Data tenaga kerja AS yang dirilis kemarin memburuk. Jumlah pegawai AS yang mengajukan klaim pengangguran tercatat 262.000 pada pekan yang berakhir pada 10 Juni, lebih tinggi dibandingkan ekspektasi pasar yang tercatat 249.000. Jumlah klaim pekan tersebut juga menjadi yang tertinggi sejak Oktober 2021.
Kenaikan klaim pengangguran yang meningkat bisa menjadi signal jika ekonomi AS melambat sehingga ada harapan inflasi turun tajam.
Pada Selasa (13/6/2023), AS juga mengumumkan jika inflasi mereka melandai ke 4% (yoy) pada Mei, dari 4,9% (yoy) pada April tahun ini.
Kendati demikian, data penjualan ritel Mei 2023 masih kencang. Penjualan ritel naik (mtm) 0,3% pada Mei, lebih rendah dibandingkan 0,4% (mtm) pada April. Namun, pertumbuhan penjualan ritel lebih tinggi dibandingkan ekspektasi pasar yakni koreksi 0,1%.
Pertumbuhan penjualan ritel ditopang oleh penjualan peralatan taman serta spare parts kendaraan.
"Ada tanda-tanda inflasi melambat tetapi ekonomi juga masih cukup kuat. Investor juga melihat jika The Fed tidak mungkin sehawkish pernyataan mereka," tutur Ross Mayfield, analis Baird, dikutip dari CNBC International.
Pelaku pasar kini bertaruh 67% ika The Fed akan menaikkan suku bunga sebesar 25 bps pada Juli dan memangkasnya paling terlambat Desember tahun ini.
Seperti diketahui, The Fed pada akhirnya memilih untuk menahan suku bunga acuan pada rapat yang berakhir Kamis dini hari waktu Indonesia.
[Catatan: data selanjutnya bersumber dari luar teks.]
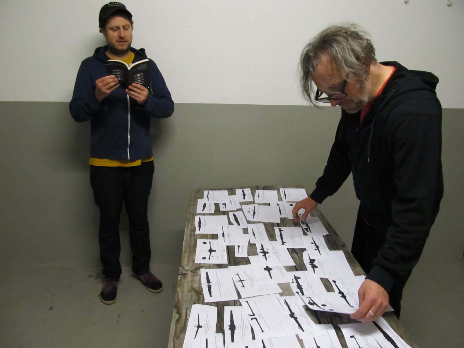 Der Bund formulierte salopp, Hartmut Abendschein habe während zweier Jahre jeden Tag gekleckert. Tatsächlich ist auf dieser Grundlage ein ominöses Buch entstanden. «nicht begonnenes fortsetzen» ist ein korpuspoetisches Projekt und beschäftigt sich u.a. mit der Poetik der Textkontur. Eine Textsammlung wurde in einen Dialog mit Klappdrucken gebracht, die deren Textumriss, aber auch Dichte bzw. Flächigkeit vorgeben. Das Verfahren ermöglicht es zudem, ursprünglich kleinere, unabhängige Einheiten miteinander in Verbindung zu bringen und zu grösseren, assoziativen Textgebilden bzw. metrisierten Erinnerungsgeweben zu verdichten. Die Arbeit sensibilisiert für die Ästhetik des Umrisses und ist ein eposartiges, fliessendes Textambiente an der Schnittstelle von Konzeptliteratur, Bildender Kunst und Konkreter Poesie. Dass man sie auch vorlesen kann, wird dieser Abend zeigen. Und Musik passt dazu auch.

Ditahannya suku bunga acuan The Fed ini sudah sesuai ekspektasi pasar.
Namun, harapan pasar untuk melihat peluang pemangkasan suku bunga dalam waktu dekat harus dikubur dalam-dalam.
The Fed juga mengisyaratkan untuk menaikkan suku bunga acuan dua kali lagi ke depan. Hal ini berdasarkan median proyeksi The Fed yang memperkirakan suku bunga ada di kisaran 5,5-5,75% pada 2023 dari 5-5,25% sebelumnya.
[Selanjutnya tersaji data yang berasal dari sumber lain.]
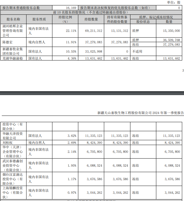 2021年9月公告显示,因其原控股股东天山农牧业发展有限公司(简称“天山农牧业”)向湖州皓辉合计11.4亿元借款到期未还本付息,湖州皓辉于2021年6月向昌吉州中院申请了强制执行;鉴于天山农牧业及其全资子公司呼图壁县天山农业发展有限公司合计持有的公司69,211,312股股份为该笔借款质押物,昌吉州中院于2021年7月发布司法拍卖公告,于2021年8月30日-31日实施司法拍卖,由竞买人湖州皓辉竞买成功。

Namun, Chairman The Fed Jerome Powell menjelaskan suku bunga saat ini mendekati target puncaknya sehingga kenaikan ke depan bisa semakin lambat.
Keputusan The Fed kemarin sempat membuat investor panik sehingga banyak yang menjual portofolio mereka. Kemungkinan kenaikan suku bunga ke depan dikhawatirkan bisa membawa ekonomi AS ke jurang resesi.
"Banyak orang yang tidak mengkhawatirkan resesi dan memilih kembali ke pasar saham. Ini yang membuat saham menguat," tutur David Russell, vice president Market Intelligence dari TradeStation, dikutip dari Reuters.